The only conventional religion to make a significant impact on world politics while rejecting scientism has been Islam. However, Islamic fundamentalism became important only in the later part of our period. Before that, we see the combined assault on traditional religion provided by the militant atheism of the Soviet Union and other communist countries, on the one hand, and the more subtle assault provided by the human rights philosophy of the western countries and the ecumenical movement, on the other. Of course, the Capitalist West is usually portrayed as having been protective of religion whereas the Communist East persecuted it. And this was true to a degree, as was witnessed by the flood of Christian, and later Jewish refugees, from East to West. Nevertheless, as we shall see, in its persistent and subtle undermining of the foundations of religious belief, the West turned out to be no less revolutionary in relation to religion than the East, especially as persecution slackened in the East and the sexual revolution kicked in in the West.
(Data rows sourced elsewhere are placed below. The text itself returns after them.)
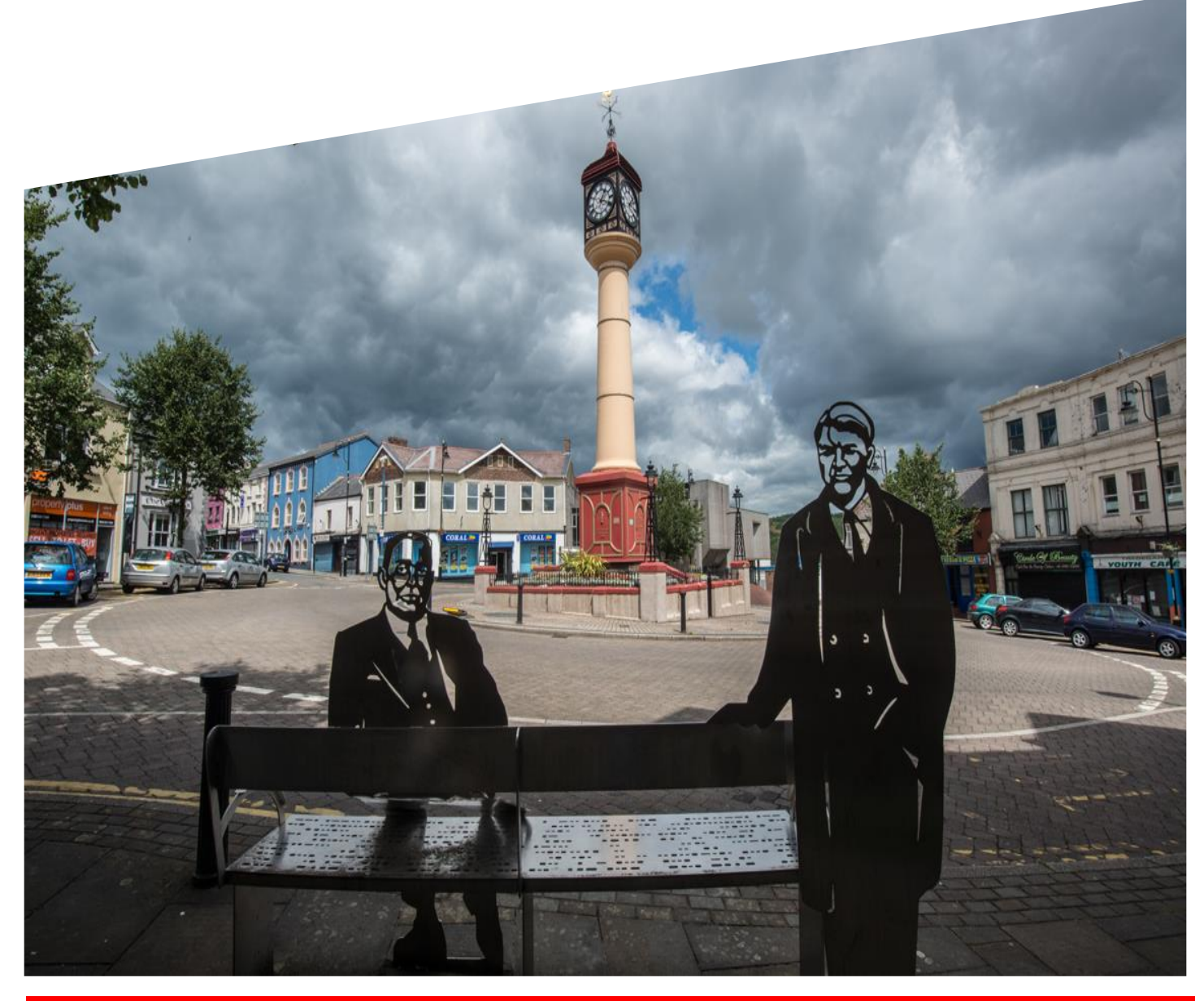
ORGANISATIONAL DEVELOPMENT DIVISION Issued: November 2017 Review: August 2022
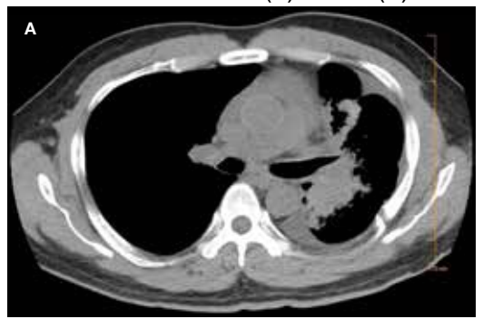
FIGURE 1 Chest Computed Tomography Showing Tumor Response to Crizotinib Between 2 (A) and 7 (B) Months After Diagnosis

those that are resistant.<sup>3</sup> In 2004, somatically acquired mutation of the EGFR gene was found to be associated with response to EGFR tyrosine kinase inhibitors such as gefitinib and erlotinib, and subsequently it was shown that patients without these mutations derived no benefit from use of these drugs.<sup>4</sup> Thus, the precision oncology paradigm is using a molecular diagnostic as part of the indication for an antineoplastic agent, resulting in improved therapeutic efficacy and often reduced toxicity.
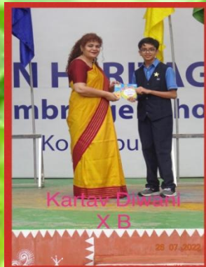
Katar Dhwani X B
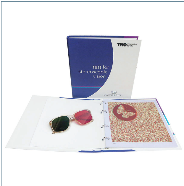
Picture 1. TNO test

rely used in clinical practice, with clinicians opting for either vectographic tests, such as the Titmus Wirth test, Randot test, or anaglyphic tests such as TNO, which is a highly dissociative stereotest that does not present monocular cues.
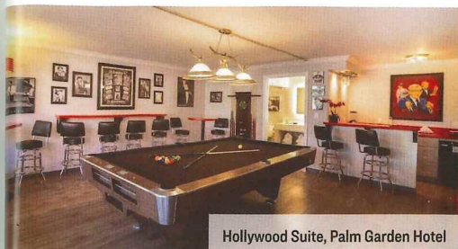
Hollywood Suite, Palm Garden Hotel

Celebrating in the Conejo Valley is easy. Music lovers enjoy the Thousand Oaks Civic Arts Plaza, a world-class concert venue and The Canyon Club in Agoura Hills "Where Music Meets the Soul". While you're there, visit the Whizin Market Square for shopping & dining:
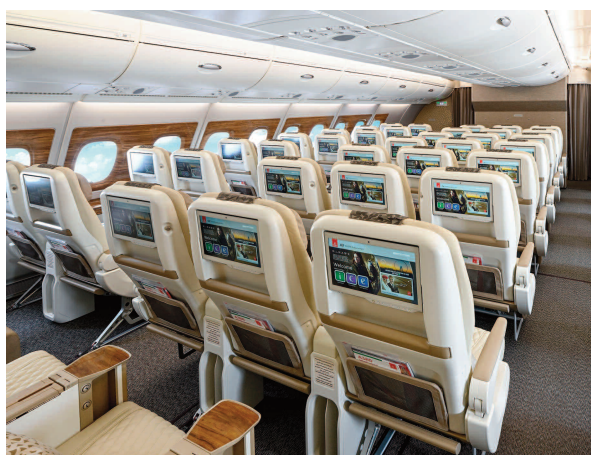
Managed entirely in-house by Emirates Engineering in Dubai, the retrofit programme has so far completed work on 95 Emirates aircraft, including 42 Airbus A380s and 53 Boeing 777s, representing more than one-third of Emirates' current fleet of aircraft

Sir Tim Clark, President of Emirates Airline, said, "The Emirates retrofit programme revolves around the central premise that we will offer our customers a truly ele-
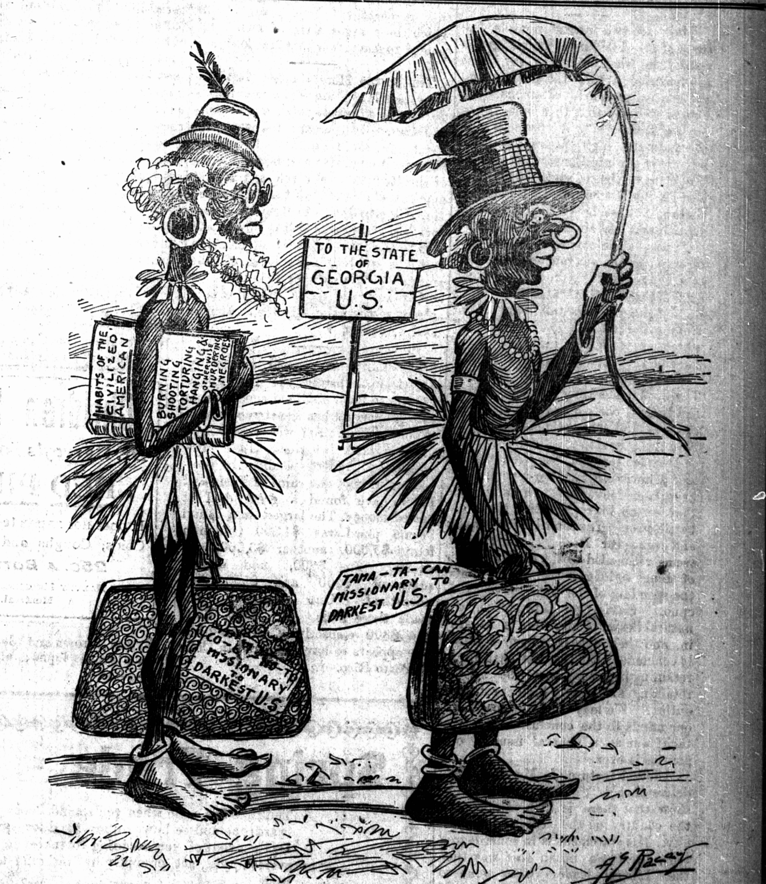
THIS NEXT IF THE UNITED STATES KEEPS ON BURNING, MURDERING AND TORTURING NEGROES.
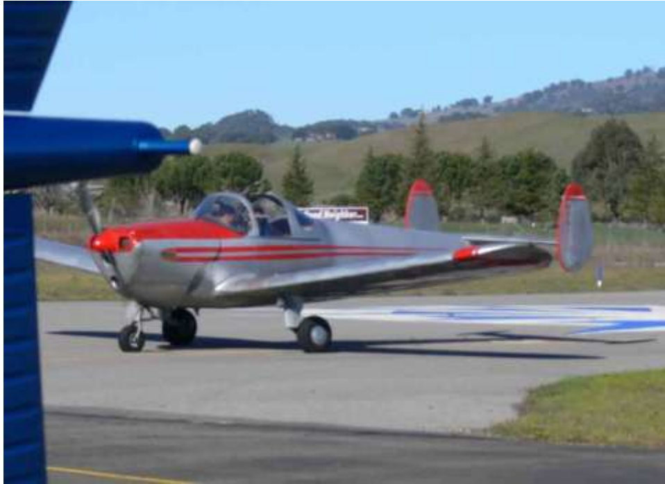
Surprise again! Jim's plane taxiing
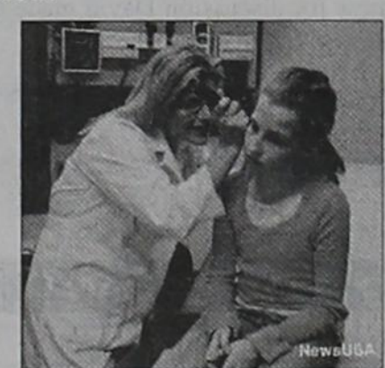
Make sure your kids have a sports physical before engaging in summer activities.

physical exam to ensure they're physically ready to be active. Take Care Clinics, professional walk-in health care clinics located at select Walgreens across the country, are now offering sport
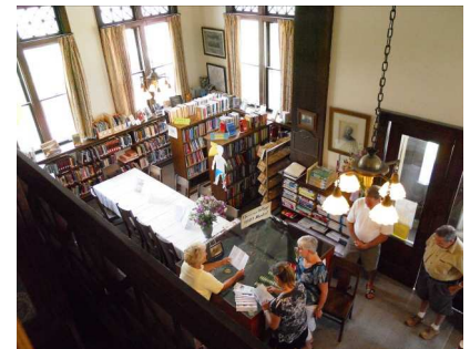
Looking down to the main level from upper floor museum

In the past ten years the library has been repainted and had new carpeting installed and drapery hung, but the library board has maintained the historical and architectural integrity of the building. All woodwork, light fixtures (some of which may be seen in these photos) and the majority of the furniture is original.
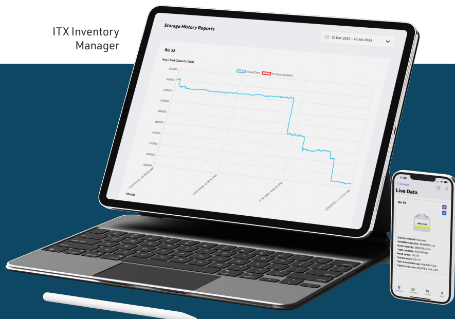
ITX Inventory Manager
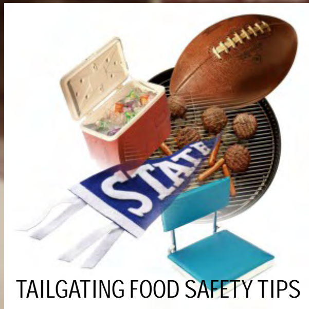
TAILGATING FOOD SAFETY TIPS
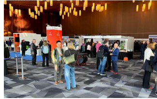
Global Food Safety Initiative Conference, Vancouver, Canada
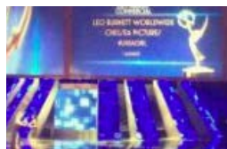
Inside the 2015 Emmy Awards
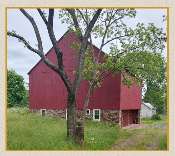
A stunning Pennsylvania bank barn centers the property.

In the coming months Worcester Township will begin to discuss potential uses and improvements to be made at this property. Updates will be included in future newsletters.
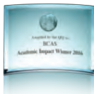
Academic Impact Winner 2016
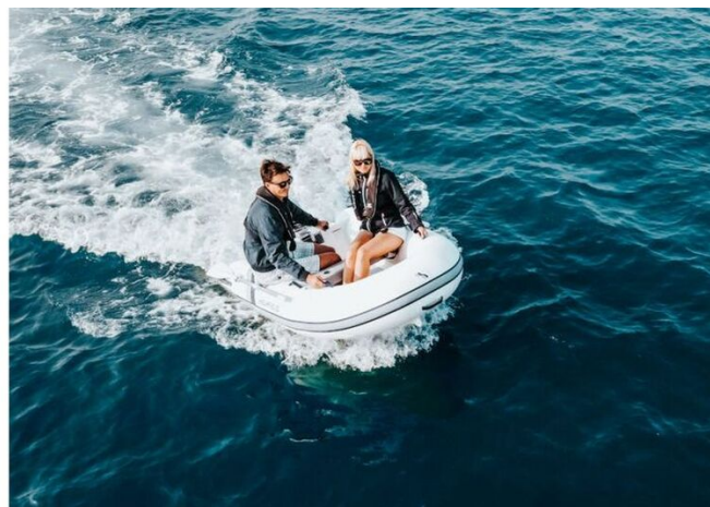
Highfield UL 240 aluminium RIB - moving through the water
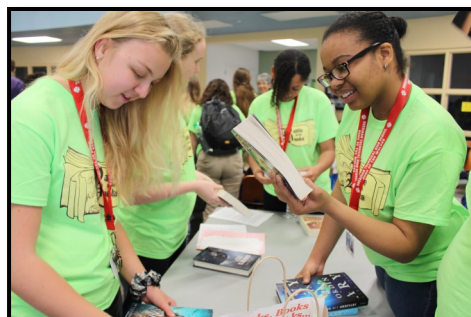
Team selects free books for their personal libraries.
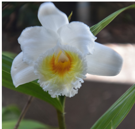
Sobralia Mirabilis 'Santa Barbera' flowering on Australia Day.

Our next meeting will held on the 30th January starting at 2pm at Sharon Stretton's residence, 16 Watt Street, Gympie. If you head up River Road from the roundabout behind Centro, Watt Street is the first turn to the right, and just after the big stand of pine trees.
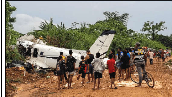
People stand looking at the site where an Embraer EMB-110 aircraft of the Manaus Aerotaxi airline crashed, causing the deaths of 14 people during the plane's landing the previous day at Barcelos airport, about 400 km from Manaus, Amazonas state, Brazil.

Monitoring Desk OTTAWA: Canada will contribute C$33 million ($24.5 million) to a British-led partnership that is buying air defense equipment for Ukraine to help it fend off Russian missile and drone attacks, Defence Minister Bill Blair said on Sunday. In a statement, Blair said the contribution was part of the C$500 million worth of military aid for Kyiv that Prime Minister Justin Trudeau announced in June.
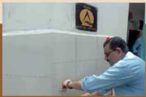
Donation of water filter plant at Ler Primary School during Praveshotsav
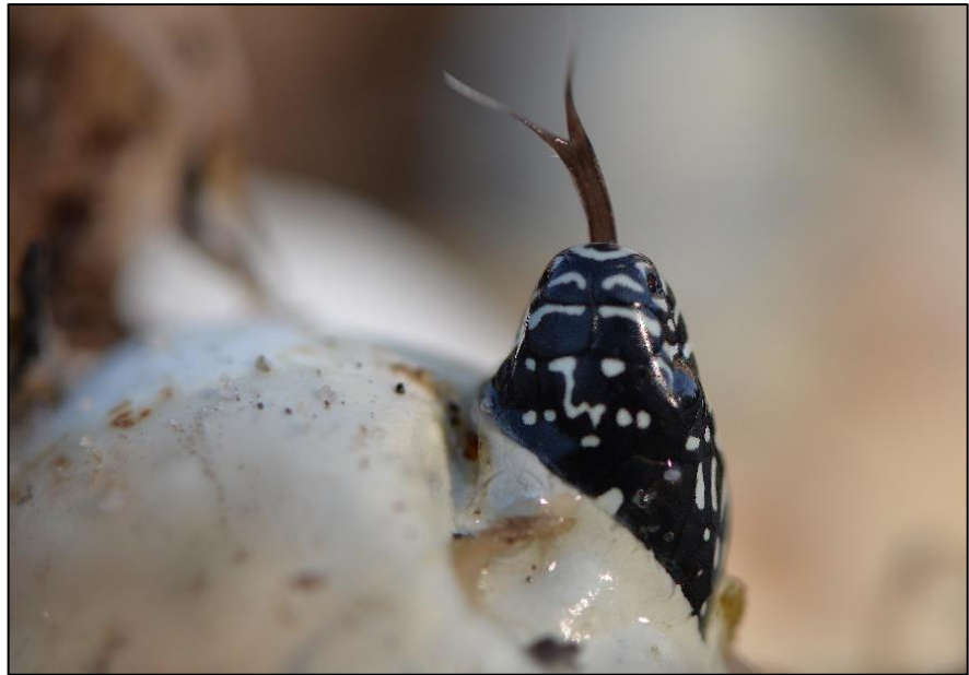
Above: An eastern king snake hatchling “tasting” fresh air for the first time.

Science staff have initiated the process of applying to the Environmental Protection Agency for additional funding to help complete the King Snake Study. It is possible that some funding may be available at the start of the next federal fiscal year in October.
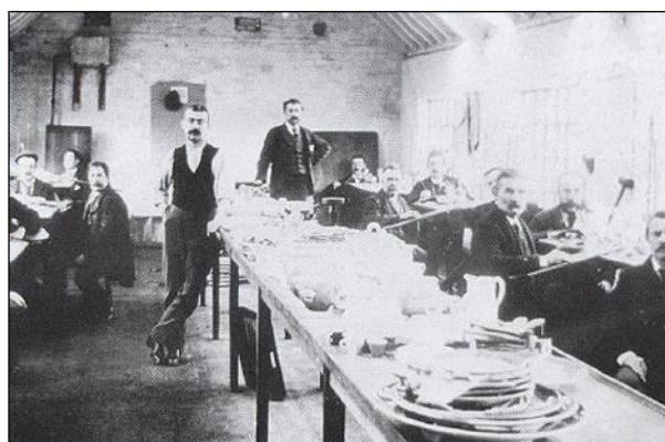
Workers at the Coalport China Works

available for new industries, shops or amenities. This meant that the people preferred to live in neighbouring towns where such facilities did exist.

This sixth volume is subtitled “The Age of Mammon” because while Mammon, the power of money, has always been important in world history - it is, after all, “the root of all kinds of evil”, as St. Paul says - it was only in the period covered by this book that it became the decisive factor in life. It did so in several ways. First, the outcome of the Cold War came to be determined, under God, not so much by the relative numbers of soldiers on the two sides, nor by the relative strength of the will to win on the one side by comparison with the other, nor even by the superior attractiveness of Capitalism as an ideology, but by technology – and the backwardness in technology compared to the West that finally compelled the Soviet leaders to throw in the towel was determined by the greater financial resources and economic productiveness of the western Capitalist world.3 Secondly, political ideologies came more and more to be dominated by the theme of the redistribution of money from the rich to the poor: one of the main factors distinguishing Communism from Socialism and the western-style welfare state was their attitude to how, and how radically, money should be redistributed. And thirdly, the vast increase in general prosperity in this period – beginning in the West and spreading outwards - decisively influenced in a negative way men’s attitudes to the world around them and God above them…
*
In view of this greatly increased secularization and economization of life in the second half of the twentieth century, it may seem paradoxical that I continue to devote as much space as in earlier volumes to religion in general and to what I consider to be the true religion, Orthodox Christianity, in particular. After all, it may be objected, the situation has changed radically since the Age of Faith (volume 1), when men were religious and religious questions and disputes were at the centre of life. In the Age of Reason (volume 2), this was still the case, even if secularist tendencies were gaining in strength. But by the Ages of Revolution and Empire (volumes 3 and 4) secular religions such as nationalism, socialism and romanticism were already more important to most men than any of the traditional religions, at any rate in the West. However, by the Ages of Catastrophe and Mammon (volumes 5 and 6), we have entered what has justly been called a “post-Christian” age, when most people have not even heard of, let alone taken any interest in, the religious issues discussed in this book.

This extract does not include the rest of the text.